Pudge Bros. Pizza (Wallingford)

While some may not think that three restaurants qualify as an in-depth review of pizza delivery for my so-called Delivery Pizza Week, I challenge anyone to eat five pizzas over a six day time period and not get tired of cheese and sauce. I’m sure there are some people here in Seattle who could easily eat pizza every day of the week but dear reader; I’m not one of them. So I decided upon one more restaurant that was within my zone of delivery, Pudge Bros. Pizza. For an overall ranking of all three pizza places; scroll down the page.

New York, New York

I called in for the New York, New York ($10.99/Small [10″], $13.99/Medium [12″], $17.99/Large [14″], $21.99/Xtra-Large [18″]) to keep this tasting simple. With a short list of just four toppings I was reminded of a sausage grinder when I placed my order. In fact, when the pizza arrived, the sausage consisted of sliced link Italian sausage. Mild in pork flavor but juicy and bursting with fennel and spices the meat could easily have stood on its own. The vegetables were julienne thin, retained their crunch and were amply provided. An extra cheesy pie, the thick layer of creamy, mild mozzarella tended to not want to separate from other slices, pulling cheese and toppings away from its neighbors. Sauced liberally, the tomato base tasted of canned tomato paste. Though zesty and slightly spicy it was overly thick and a little off-putting. As for the crust, it suffered from Jekyll & Hyde syndrome. Near the center it was soggy and doughy while out closer to the edge it was lightly crispy with a slightly chewy, pillow-like interior - close to perfect for me. It was just a shame the whole crust couldn’t have had that texture.

New York, New York

New York, New York

So what have I learned during Delivery Pizza Week (Our “Delivery Pizza Week and a Half” if you will)? Here is my breakdown of the three local pizza deliveries I sampled, in recommended order:

1) Pudge Bros. Pizza, Pagliacci Pizza (Tie)
This was a tough one as both places had positives and negatives. Pudge brothers had soggy crust closer to the center of the pie while the “butt-end” had what I consider to be very good crust - crunchy exterior, pillow-y interior and a slight chew to it without my feeling as though I’m chewy bubble gum. The toppings were plentiful and fresh while the sauce tasted canned. The cheese was creamy and slightly sweet as what I’d expect mozzarella to be though it was a tad stringy. Pagliacci’s cheese on the other hand, to me, was a negative. With a splotchy texture and overly nutty flavor it just wasn’t what I think of when I imagine pizza cheese. But on the plus side, the crust was pretty good and I think it could easily stand up against shops like Via Tribunali and Tutta Bella. Likewise the sauce was fresh, a little sweet, a little tart, like I’d expect from restaurant pizza. Between these two I think an individual can find something that they’d enjoy in the way of delivery pizza. In the end, I felt they both came in neck-and-neck.

2) Zeeks Pizza
The pizza from Zeeks has been re-classified in my book as a good stand-by. From pale, meek dough to ho-hum toppings and an expensive price tag, this is a spot that I would call if the delivery times are long for one of the above two.

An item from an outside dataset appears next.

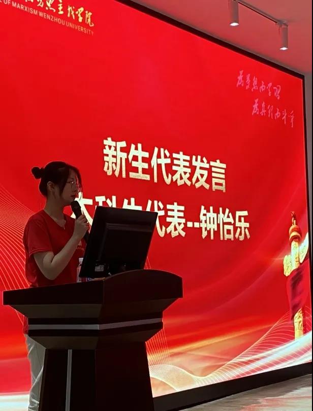 本科生新生代表钟怡乐同学结合亲身经历与大家分享了自己选择思想政治教育专业的原因,提出不仅要夯实专业基础,更要在心中埋下一颗“红色情怀”的种子,为实现中华民族伟大复兴的中国梦不懈奋斗。

There are a lot of options when it comes to pizza delivery in Seattle. From national and local chains to mom and pops, everyone has their favorites that they are loyal to. Hopefully this past week has been helpful in making a decision on where to turn for a pizza, delivered to one’s home, which straddles the line between artisan-style pizzeria and fast food chain. The truest answer to what to order, pizza-wise, is to ask yourself what you are looking for. Is it great, crisp crust, complex sauce or mild, fresh mozzarella? If the answer is that all three need to be perfect, you may need to go to a sit-down restaurant. But if you’ve open to two out of three, and you want the convenience of eating your pie in track pants and a ratty t-shirt, then there are delivery options awaiting you.

2 Comments so far

  1. Kat January 16th, 2007 8:33 pm

    Okay, how did you manage to review three ho-hum chains without recognizing the crown jewel of pizza anywhere north of the University Bridge, and probably beyond? The answer to your problems, my friend, lies within Wallingford Pizza House. The deep dish of the gods lives there. And no, I’m not from Chicago, so I’m not a certified expert. But I AM one of those people, unlike the reviewer, who could eat pizza every day of the week and not get bored. WPH. Run, don’t walk.

  2. Troy June 10th, 2007 10:53 am

    My last stop at Zeek’s revealed that a small wood butcher, after tax but before tip, would be $18. Uh, no. This is not a 16″ small serving 2 or 3 people, nor a 2″ tall Chicago deep dish undertaking; it’s a nice meal for 1 person, maybe with 1 slice left over. $20pp is hard to justify for exceptional pizza, let alone run-of-the-mill good stuff.